From Deseret News archives:
Clearfield man arrested in Las Vegas slayings
Thomas William Randolph, 53, was booked into the Davis County Jail on a warrant after he was indicted by a grand jury in Las Vegas on charges of conspiracy to commit murder, murder with a deadly weapon and burglary.
Randolph was arrested at his parents' home. Clearfield police officers and detectives from the Las Vegas Metro Police Department knocked on the door to serve a warrant.
"He answered the door. There was a little bit of a struggle," Assistant Clearfield Police Chief Greg Krusi said Thursday. "He didn't comply with the arrest and he was Tasered as a result of that."
The Las Vegas indictment accuses Randolph of hiring Michael James Miller to kill his wife, 57-year-old Sharon Causse Randolph.
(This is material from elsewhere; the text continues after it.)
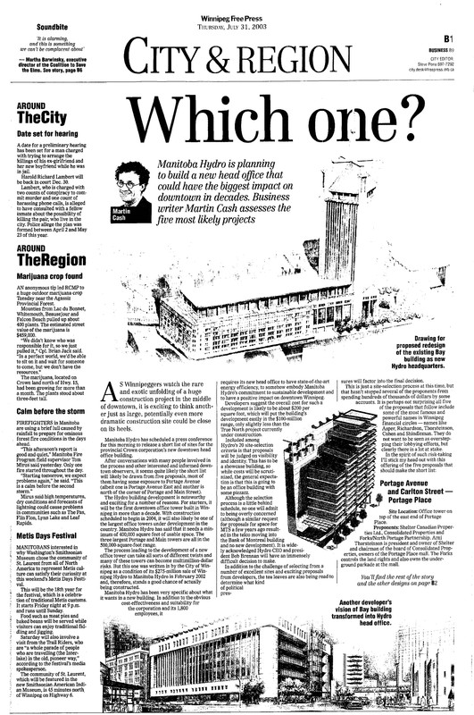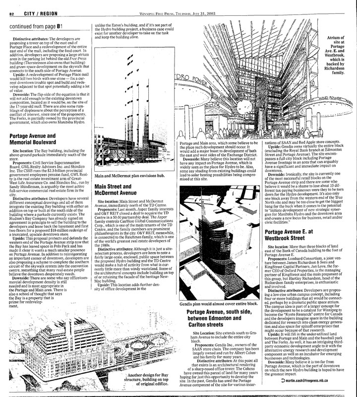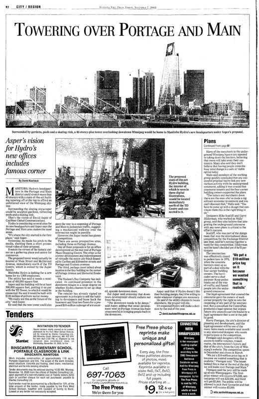 Wasn't the original proposal for the second 201 Portage tower on the site of what is now the courtyard? The Canwest tower was a separate building that was torn down but had formerly housed the Impark office. Rumor is that building got torn down largely to save David Asper seconds getting to his parking spot (aka it was torn down to make a private driveway). And the hotel project is obviously on Main St as was the proposed Hydro Place.

On May 8, the indictment said, Randolph waited outside his home as his wife went in and encountered Miller.
"The defendant's accomplice, Michael James Miller, acting in the role of a burglar, shot Sharon Causse Randolph in the head pursuant to the agreement and plan of the defendant and his accomplice Michael James Miller," the indictment said.
Miller was then shot and killed, police said, and Randolph staged it to appear like he shot and killed the intruder during a scuffle over the gun after his wife was killed. Las Vegas metro police said it was part of a scheme to collect on Sharon Randolph's $400,000 life insurance policy. Her obituary in the Las Vegas Review-Journal said she married him in 2006 in Mexico, sealing their vows again in Las Vegas in 2007.
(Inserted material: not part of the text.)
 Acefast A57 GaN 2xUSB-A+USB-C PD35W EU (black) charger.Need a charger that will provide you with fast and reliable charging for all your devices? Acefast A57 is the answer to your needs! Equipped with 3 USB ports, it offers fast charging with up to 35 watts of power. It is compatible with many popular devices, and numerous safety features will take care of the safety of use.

The crime is similar to one that Thomas Randolph was acquitted of in 1989. He was accused of shooting his wife, Rebecca Randolph, in 1986 in a plot to collect on a $250,000 insurance policy.
Deseret News stories from the time said that Rebecca Randolph was found dead in her Clearfield home, shot once in the head. Randolph was accused of killing her, but defense attorneys successfully argued that it was a suicide.
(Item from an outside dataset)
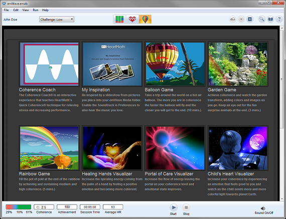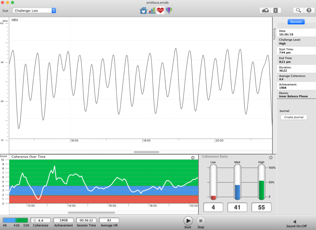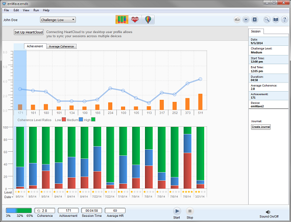 The emWave software automatically saves the data from each session and allows you to review your progress.

Randolph pleaded guilty to a count of third-degree felony witness tampering for offering an undercover police officer $10,000 to kill the chief witness against him. Krusi said he could not discuss the 1986 case because of a judicial expungement order.
Randolph is expected to appear in Farmington's 2nd District Court on Friday where the issue of extradition may be brought up. Until then, he is being held in the Davis County Jail without bail.